The Last of Komeda’s Astigmatic Players Günter Lenz Dies Aged 87

Lenz was the final survivor of Krzysztof Komeda’s 1965 masterpiece Astigmatic. Photo: Wikipedia

Lenz – born in Frankfurt in July 1938 – started out on the guitar before picking up the double bass during his national service in the late-1950s. He cut his teeth playing the post-war jazz clubs around the city, sharing bandstands with American GIs.

In 1961, Lenz joined forces with famed trombone star Albert Mangelsdorff. Alongside Heinz Sauer, Günter Kronberg and Ralf Hübner Lenz was part of a quintet that turned out boundary pushing albums like Tension.

But it was his trip to Poland in 1965 that sealed his place in history.
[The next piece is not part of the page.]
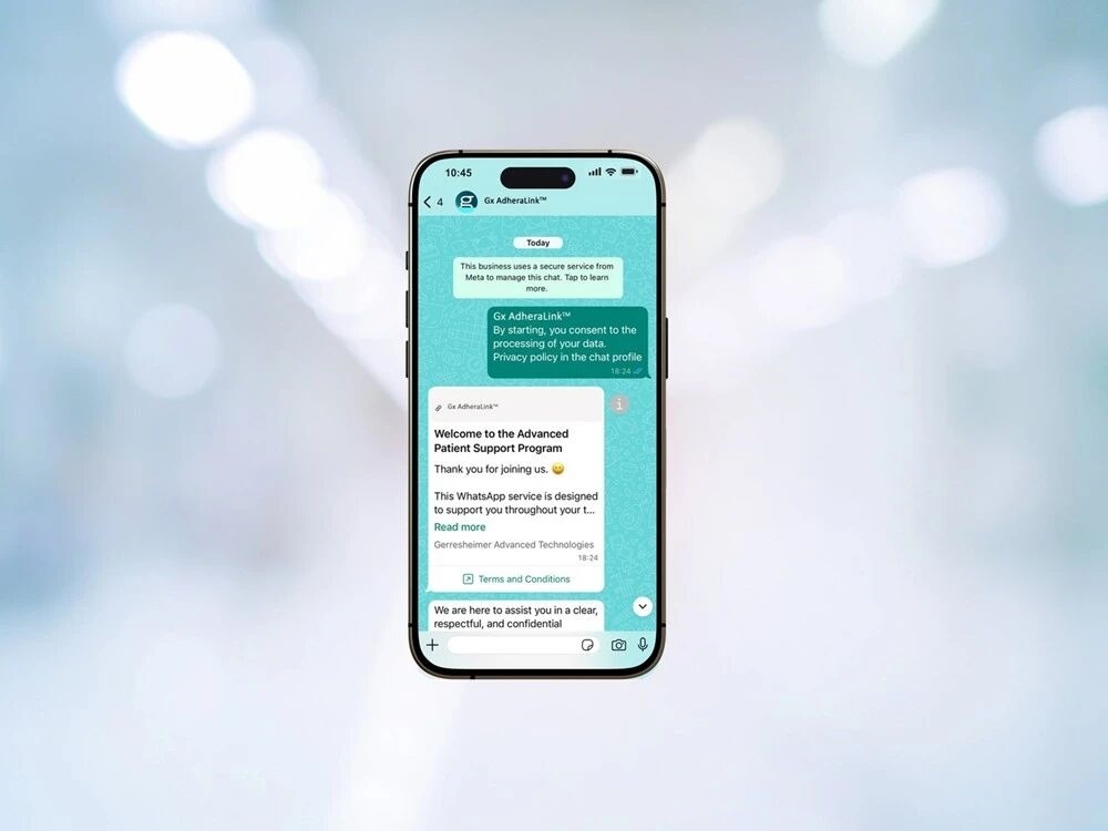 通过与 Gx AdheraLink 连接,患者支持服务得以进一步强化。该解决方案利用人工智能(AI)技术,在患者所青睐的即时通讯应用程序(如 WhatsApp 或 iMessage)上实现个性化的、智能的、即时的患者互动。由于无需安装新应用、熟悉新界面或在多个账户间进行切换,用户体验更加顺畅,使用门槛大幅降低。Gx AdheraLink 可针对特定药物和治疗方案进行定制,确保向患者提供准确、可信的信息。在预定的注射时间之前,该系统能够及时发送提醒和提示信息,这有助于患者在心理上为即将到来的注射做好准备,从而有效缓解焦虑情绪并促进规律用药习惯的养成。注射结束后,Gx AdheraLink 会推送鼓励性讯息,为患者提供正向激励。此外,系统支持患者记录并分享多维度的注射反馈——涵盖注射部位、疼痛评分及整体感受,所有数据将实时同步至护理团队。

Joining Roman Polański film composer the pianist Komeda (who died in 1969) who had by then made his name with his music for the brilliant psychological thriller Kinife in the Water, avant garde trumpeter Tomasz Stańko (who died in 2018), alto saxophonist Zbigniew Namysłowski (who died in 2022) and drummer Rune Carlsson (who died in 2013), Lenz in the depths of winter entered the Warsaw Philharmonic to record Astigmatic in December 1965.
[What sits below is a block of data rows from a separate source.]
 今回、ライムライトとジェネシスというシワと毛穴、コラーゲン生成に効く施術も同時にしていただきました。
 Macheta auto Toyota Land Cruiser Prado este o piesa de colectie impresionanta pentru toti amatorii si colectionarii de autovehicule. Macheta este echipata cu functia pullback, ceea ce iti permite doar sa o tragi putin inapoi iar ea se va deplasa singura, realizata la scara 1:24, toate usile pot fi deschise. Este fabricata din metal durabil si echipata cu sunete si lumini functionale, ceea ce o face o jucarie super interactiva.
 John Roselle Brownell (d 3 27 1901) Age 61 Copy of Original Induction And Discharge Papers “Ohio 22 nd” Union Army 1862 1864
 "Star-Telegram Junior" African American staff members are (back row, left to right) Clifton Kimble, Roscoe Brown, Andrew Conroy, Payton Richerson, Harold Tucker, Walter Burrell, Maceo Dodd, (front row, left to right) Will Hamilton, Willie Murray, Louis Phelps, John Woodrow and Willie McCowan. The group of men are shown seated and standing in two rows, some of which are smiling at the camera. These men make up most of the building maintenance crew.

If you’ve heard the record, you’ll know exactly why it matters. Many critics list it in their greatest jazz albums lists.

Komeda’s music was cinematic, heavy with Slavic melancholy, and full of unpredictable, shifting structures.

Lenz’s brilliant, flexible timekeeping provided the exact gravity the music needed, balancing the wild, open improvisations with Komeda’s meticulous themes. It still sounds advanced today more than 60 years on.

Lenz during the 1970s was in the Kurt Edelhagen Big Band and with Peter Herbolzheimer’s Rhythm Combination & Brass. By the late 1970s, he stepped out as a leader in his own right with his group Springtime. He also taught from 2001 to 2006 at the Musikhochschule in Stuttgart and was a recipient of the Hesse state jazz prize.